How to Avoid the Divine
Author Sarah Tate
How to Avoid the Divine
Sarah Tate
Above all, love no one. You mustn’t know of the rose in the valley. Never hear wine-deepened songs or see sun through trees like fine white shards. When you come to a day of warm swollen weather, or stumble upon an ordered thing in a wild place, ivy over walls or furrows with primal seeds, flee the way you came. Put it all behind you: old folks still drawing from wells every dawn, Alpine smells (God, how clear the air), birds, all kinds, crackling in the rust-brown leaves. Or else it will face you like a warrior with sword and shield— a true anguished wonder to shred your leather-clad skin and meet you beard-to-beard. If you must do something, work hard without rest or end until you’re always numb with a nothing sort of buzz. Let seasons pass without melodious order. Let Earth spin without mythic making. Memory mustn’t sprinkle its meaning. There’s no light in the moon. The pond is not dead calm. The story is not a dream remembered at noon. The boy does not laugh how your brother used to.
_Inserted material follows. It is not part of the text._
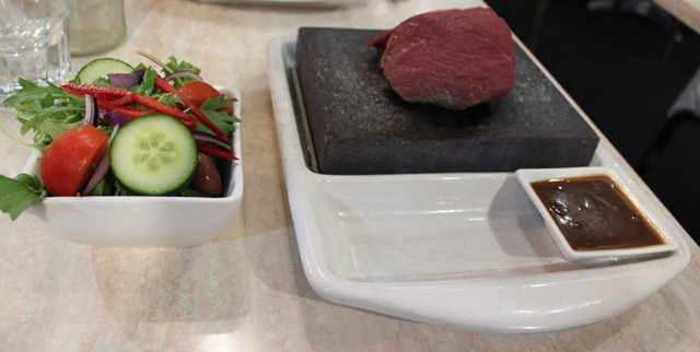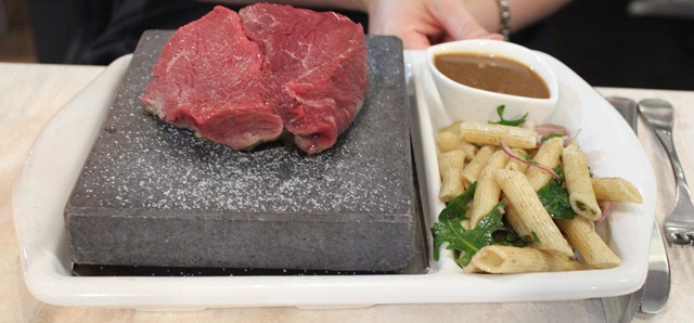 For our main course, we had an option of steak, chicken, or seafood and an option of salad, vegetables, or pasta salad. We also had a selection of sauces to choose from. Just like our awesome meal at the Raging Bull, the meat was brought out on extremely hot stones for us to cook to our liking.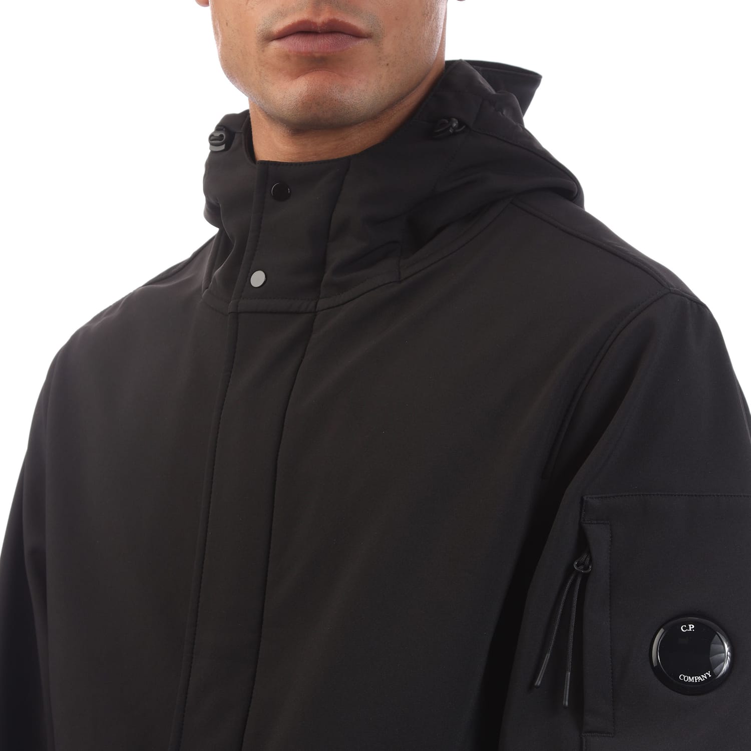 Mens C.P. Company Shell-R Hooded Parka Jacket in black.

You must never, not once, suffer the fatigue of your existence and question if there’s more, more— throw aside all rhymes that sound like news from another world. Just sit there and wither into a modern kind of man, rich and grand, and leave the gods for another time.
Poems & Paraboles publishes work that illuminates, awakens, or opens a small window toward wonder. Some pieces are quiet. Some are bold. Some carry a moral thread, while others wander into the mysterious and ethereal.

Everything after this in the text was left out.